>>

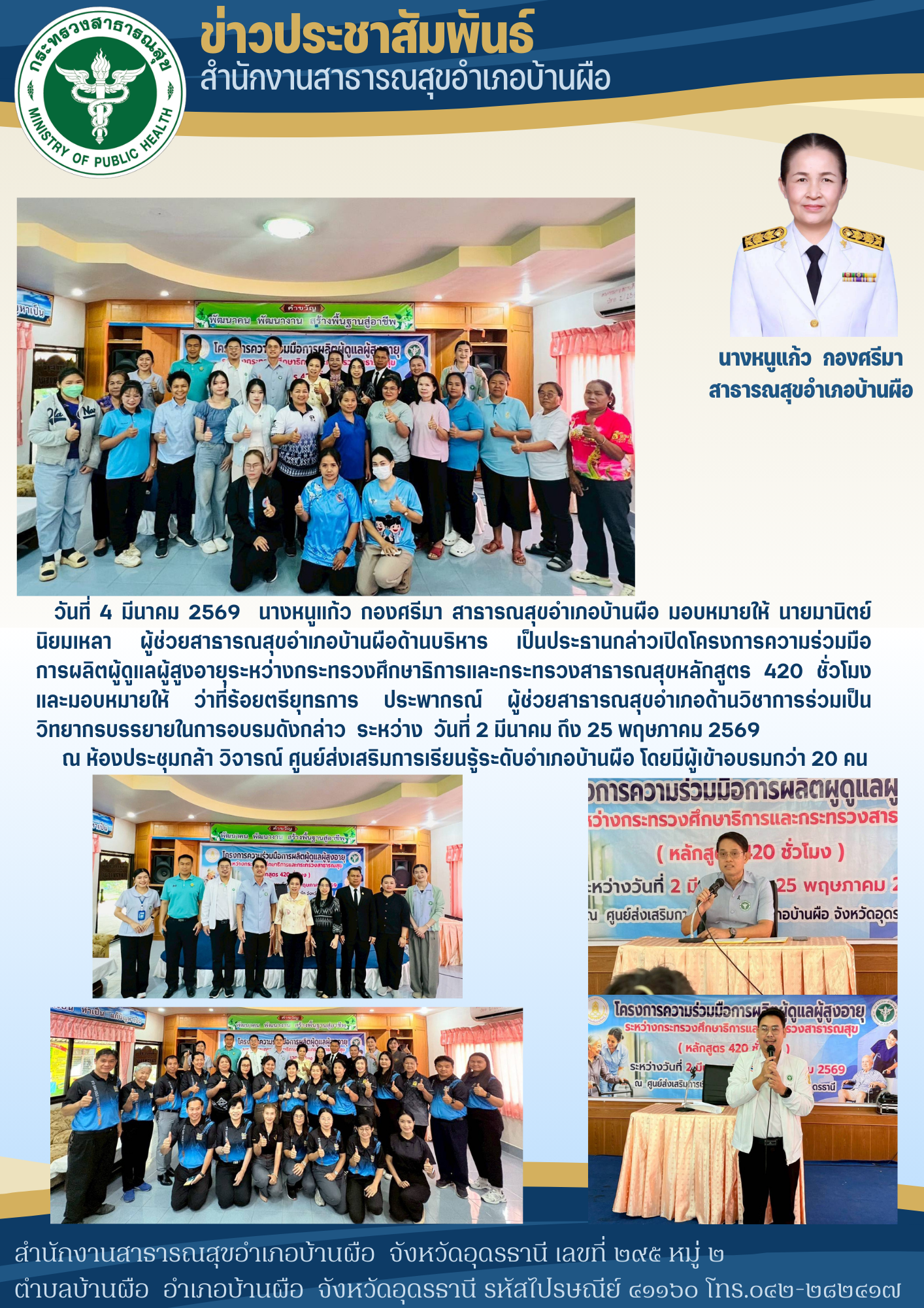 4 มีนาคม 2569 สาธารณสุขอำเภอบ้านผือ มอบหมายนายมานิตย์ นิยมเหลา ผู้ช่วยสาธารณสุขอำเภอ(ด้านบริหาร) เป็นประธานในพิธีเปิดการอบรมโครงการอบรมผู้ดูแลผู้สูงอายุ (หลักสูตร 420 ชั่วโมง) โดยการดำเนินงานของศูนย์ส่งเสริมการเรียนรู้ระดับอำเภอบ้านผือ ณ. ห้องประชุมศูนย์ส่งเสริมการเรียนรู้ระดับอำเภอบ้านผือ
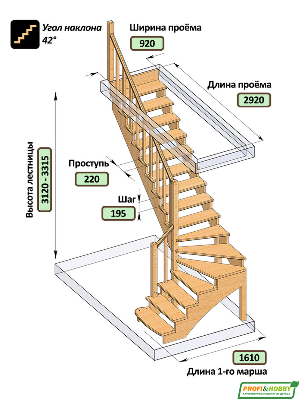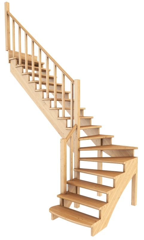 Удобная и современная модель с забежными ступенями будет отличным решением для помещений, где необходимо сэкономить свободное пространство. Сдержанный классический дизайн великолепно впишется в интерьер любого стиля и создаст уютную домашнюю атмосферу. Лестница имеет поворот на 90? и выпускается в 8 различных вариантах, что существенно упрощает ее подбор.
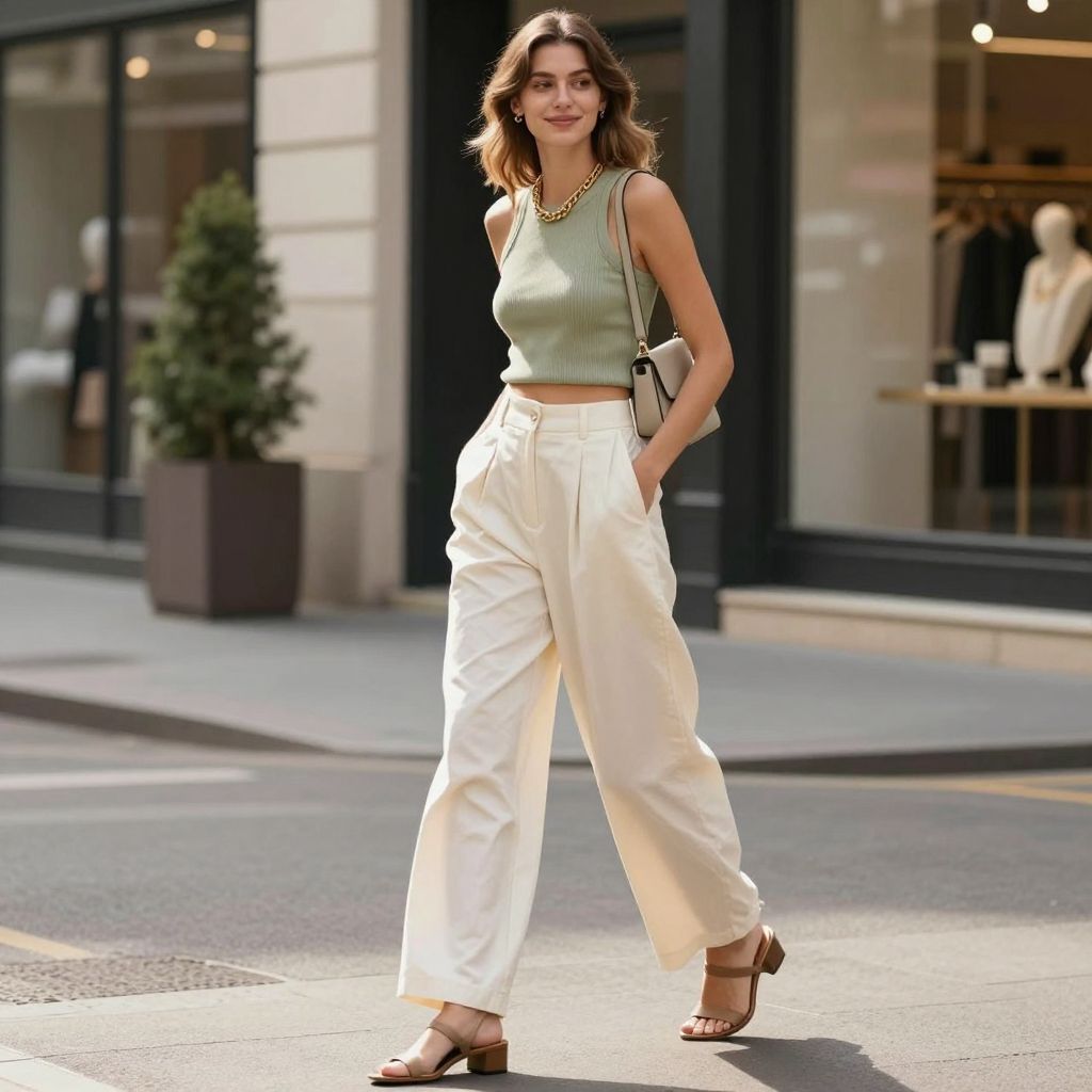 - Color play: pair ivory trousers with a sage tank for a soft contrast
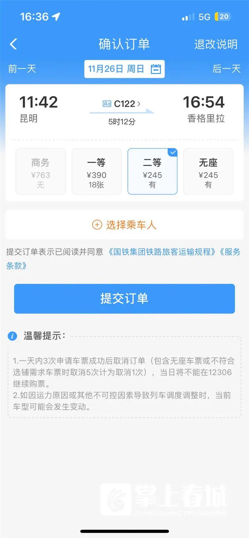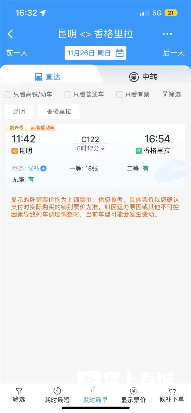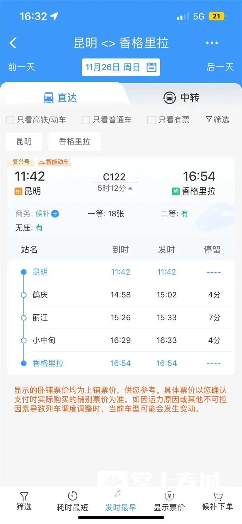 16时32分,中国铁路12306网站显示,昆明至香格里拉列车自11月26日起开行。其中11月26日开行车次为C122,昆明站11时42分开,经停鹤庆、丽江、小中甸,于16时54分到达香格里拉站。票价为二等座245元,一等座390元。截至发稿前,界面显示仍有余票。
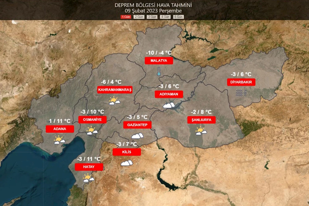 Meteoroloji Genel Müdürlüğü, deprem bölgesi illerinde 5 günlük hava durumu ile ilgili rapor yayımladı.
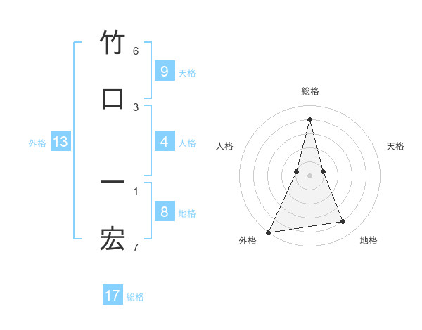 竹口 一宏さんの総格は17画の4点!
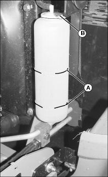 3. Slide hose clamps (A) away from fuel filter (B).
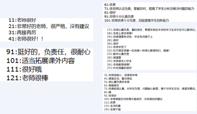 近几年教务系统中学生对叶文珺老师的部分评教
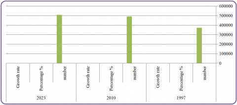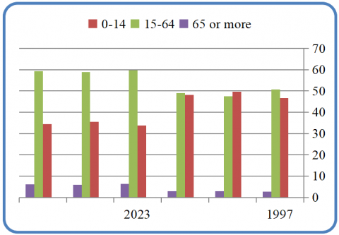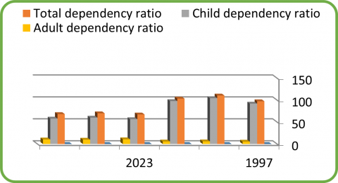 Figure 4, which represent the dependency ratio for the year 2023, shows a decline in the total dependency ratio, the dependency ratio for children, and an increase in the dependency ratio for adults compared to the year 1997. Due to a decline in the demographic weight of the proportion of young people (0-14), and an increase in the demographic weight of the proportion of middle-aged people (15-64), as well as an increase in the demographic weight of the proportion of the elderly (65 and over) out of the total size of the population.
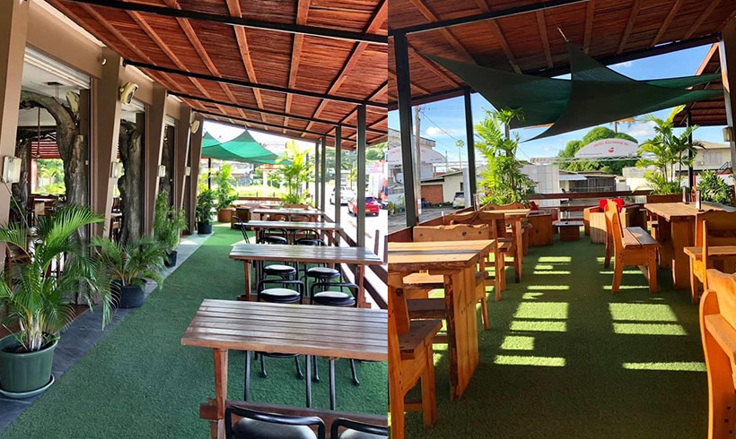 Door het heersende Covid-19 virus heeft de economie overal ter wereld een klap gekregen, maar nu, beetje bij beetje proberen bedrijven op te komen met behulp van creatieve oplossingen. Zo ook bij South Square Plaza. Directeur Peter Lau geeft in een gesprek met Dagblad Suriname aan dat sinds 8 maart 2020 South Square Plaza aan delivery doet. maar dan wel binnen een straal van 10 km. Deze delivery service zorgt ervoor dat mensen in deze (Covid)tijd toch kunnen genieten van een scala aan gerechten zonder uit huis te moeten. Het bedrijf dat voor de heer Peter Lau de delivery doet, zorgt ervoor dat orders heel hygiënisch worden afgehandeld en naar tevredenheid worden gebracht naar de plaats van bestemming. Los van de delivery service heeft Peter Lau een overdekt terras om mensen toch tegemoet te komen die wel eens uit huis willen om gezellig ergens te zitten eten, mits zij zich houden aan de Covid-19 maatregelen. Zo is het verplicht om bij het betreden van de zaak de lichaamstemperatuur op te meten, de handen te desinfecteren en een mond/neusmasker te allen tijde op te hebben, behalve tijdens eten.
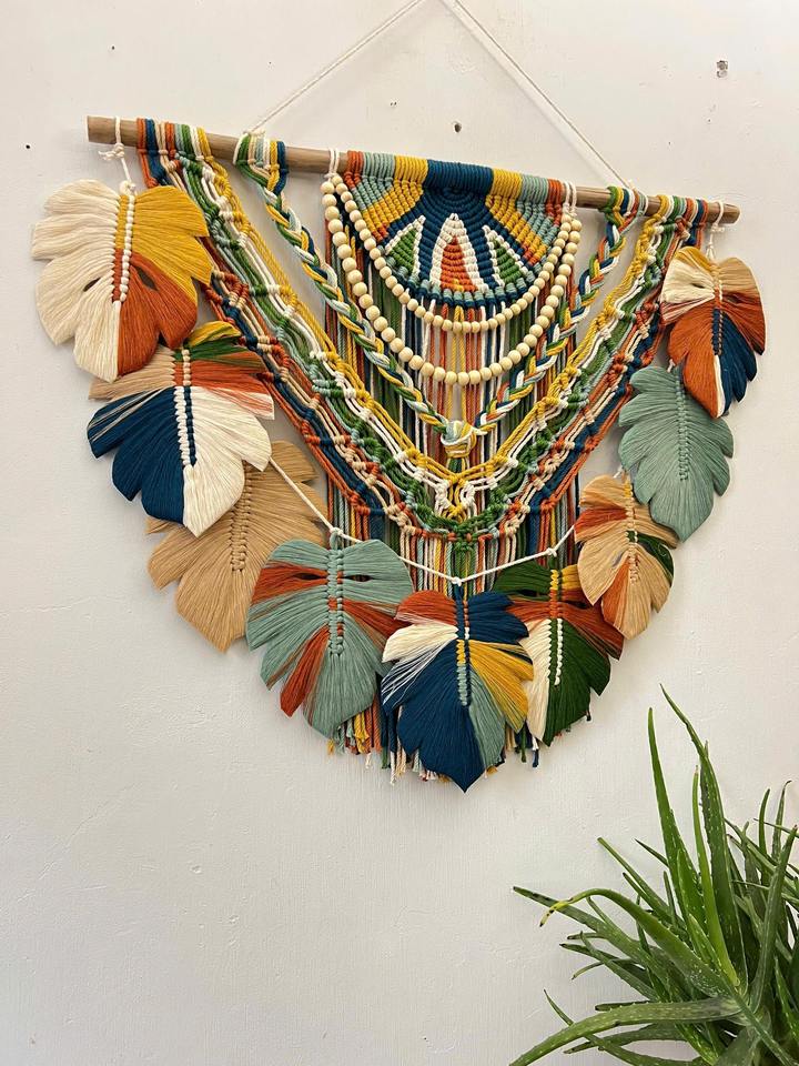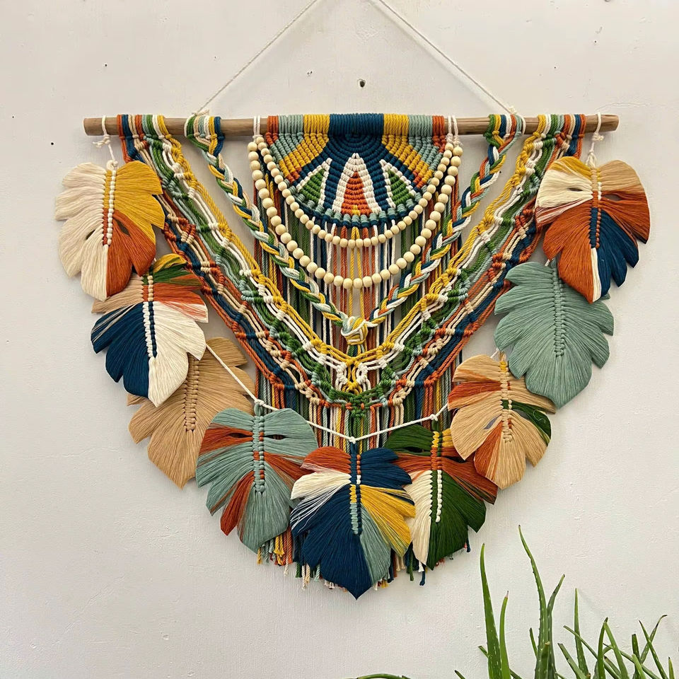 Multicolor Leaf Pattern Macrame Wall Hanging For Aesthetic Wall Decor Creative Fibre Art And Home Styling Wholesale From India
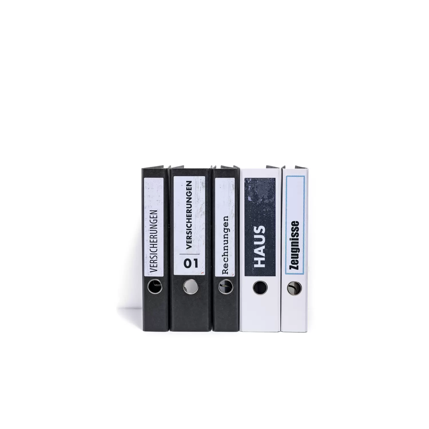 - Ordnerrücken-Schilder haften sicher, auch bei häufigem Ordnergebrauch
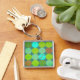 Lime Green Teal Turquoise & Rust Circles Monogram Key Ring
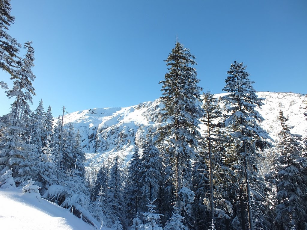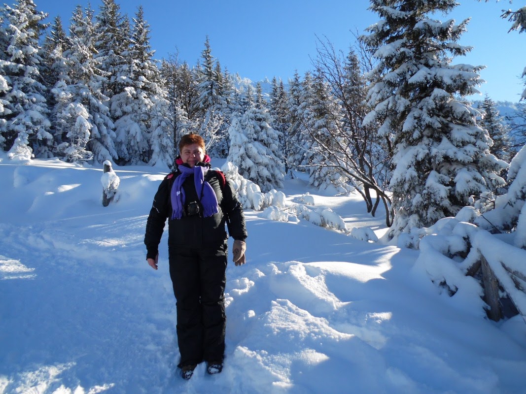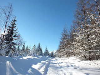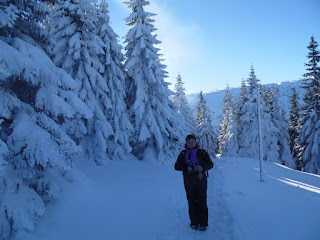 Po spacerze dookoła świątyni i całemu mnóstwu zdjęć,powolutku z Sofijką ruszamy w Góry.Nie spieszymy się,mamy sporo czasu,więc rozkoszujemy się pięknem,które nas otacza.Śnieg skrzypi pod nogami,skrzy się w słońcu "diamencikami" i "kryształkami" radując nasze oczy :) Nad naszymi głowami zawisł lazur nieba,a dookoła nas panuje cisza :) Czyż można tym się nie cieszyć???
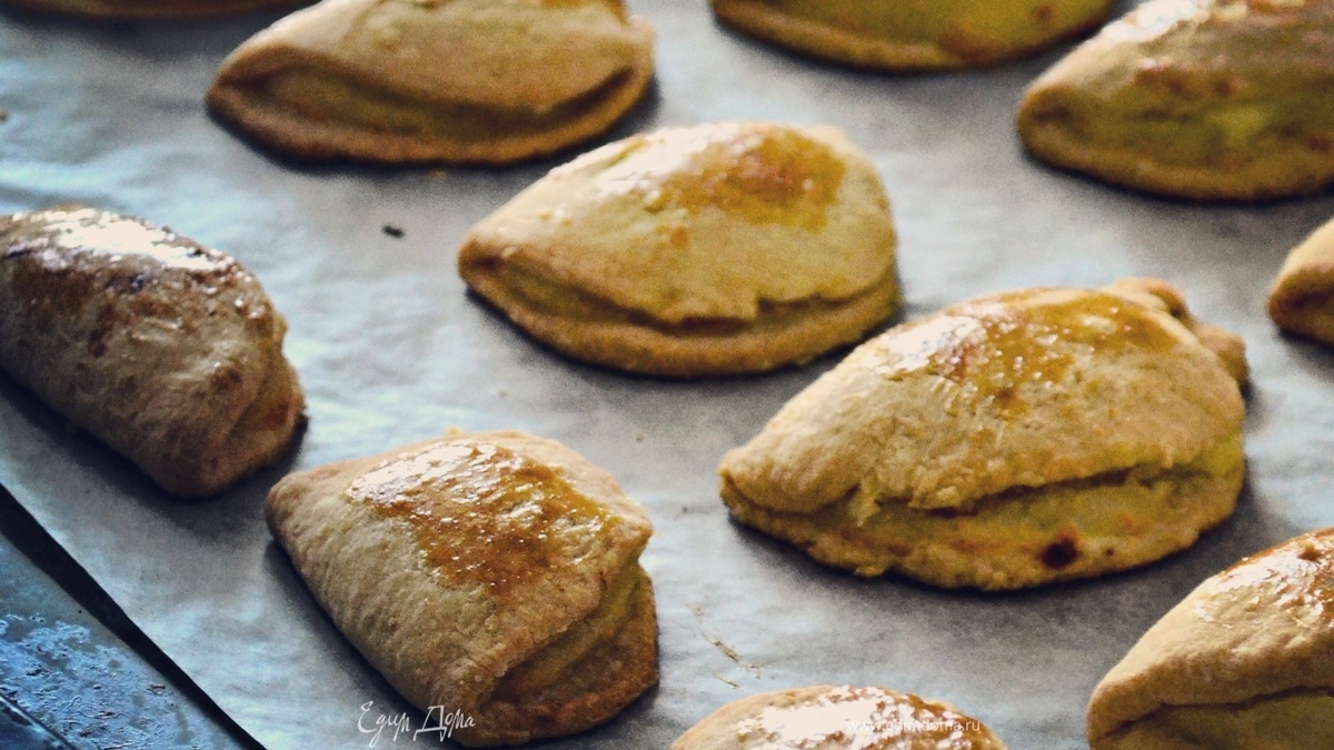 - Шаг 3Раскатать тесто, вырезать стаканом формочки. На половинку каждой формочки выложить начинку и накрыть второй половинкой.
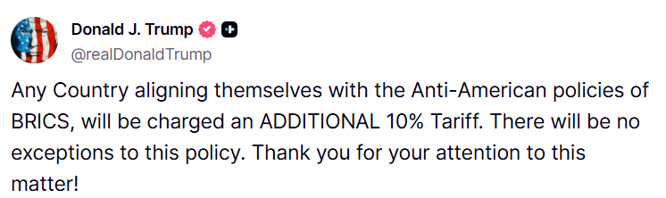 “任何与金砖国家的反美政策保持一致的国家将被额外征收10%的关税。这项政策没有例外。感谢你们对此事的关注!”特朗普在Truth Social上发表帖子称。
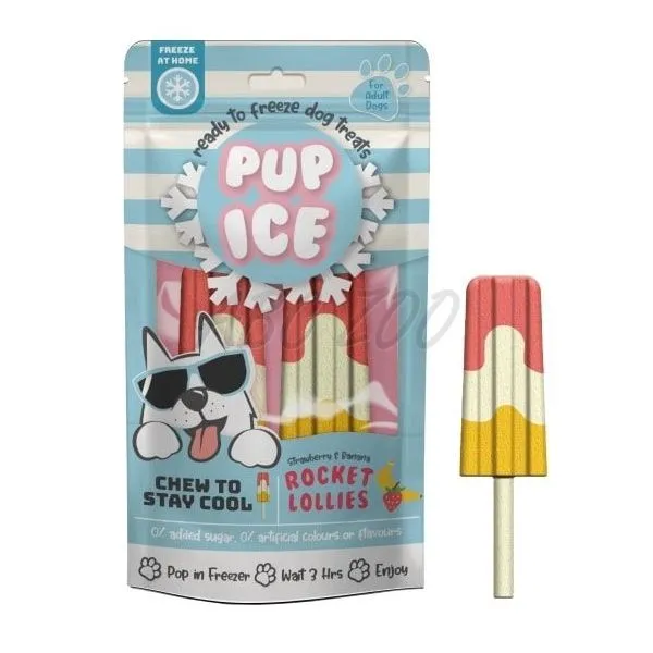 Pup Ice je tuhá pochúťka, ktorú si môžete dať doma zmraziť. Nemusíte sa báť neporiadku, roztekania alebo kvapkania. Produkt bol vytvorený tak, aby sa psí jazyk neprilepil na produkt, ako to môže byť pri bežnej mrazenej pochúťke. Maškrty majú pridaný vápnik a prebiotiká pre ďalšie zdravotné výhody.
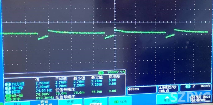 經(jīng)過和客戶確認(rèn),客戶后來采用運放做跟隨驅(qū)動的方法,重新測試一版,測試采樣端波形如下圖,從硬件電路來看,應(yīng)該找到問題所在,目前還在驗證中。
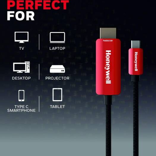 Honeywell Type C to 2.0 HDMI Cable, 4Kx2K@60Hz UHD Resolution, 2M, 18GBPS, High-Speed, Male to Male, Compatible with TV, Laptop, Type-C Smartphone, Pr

<<

Leave every picture out and write out exactly the lines from the line with "Lime Green Teal" through the last line of the material.

 Lime Green Teal Turquoise & Rust Circles Monogram Key Ring
 Po spacerze dookoła świątyni i całemu mnóstwu zdjęć,powolutku z Sofijką ruszamy w Góry.Nie spieszymy się,mamy sporo czasu,więc rozkoszujemy się pięknem,które nas otacza.Śnieg skrzypi pod nogami,skrzy się w słońcu "diamencikami" i "kryształkami" radując nasze oczy :) Nad naszymi głowami zawisł lazur nieba,a dookoła nas panuje cisza :) Czyż można tym się nie cieszyć???
 - Шаг 3Раскатать тесто, вырезать стаканом формочки. На половинку каждой формочки выложить начинку и накрыть второй половинкой.
 “任何与金砖国家的反美政策保持一致的国家将被额外征收10%的关税。这项政策没有例外。感谢你们对此事的关注!”特朗普在Truth Social上发表帖子称。
 Pup Ice je tuhá pochúťka, ktorú si môžete dať doma zmraziť. Nemusíte sa báť neporiadku, roztekania alebo kvapkania. Produkt bol vytvorený tak, aby sa psí jazyk neprilepil na produkt, ako to môže byť pri bežnej mrazenej pochúťke. Maškrty majú pridaný vápnik a prebiotiká pre ďalšie zdravotné výhody.
 經(jīng)過和客戶確認(rèn),客戶后來采用運放做跟隨驅(qū)動的方法,重新測試一版,測試采樣端波形如下圖,從硬件電路來看,應(yīng)該找到問題所在,目前還在驗證中。
 Honeywell Type C to 2.0 HDMI Cable, 4Kx2K@60Hz UHD Resolution, 2M, 18GBPS, High-Speed, Male to Male, Compatible with TV, Laptop, Type-C Smartphone, Pr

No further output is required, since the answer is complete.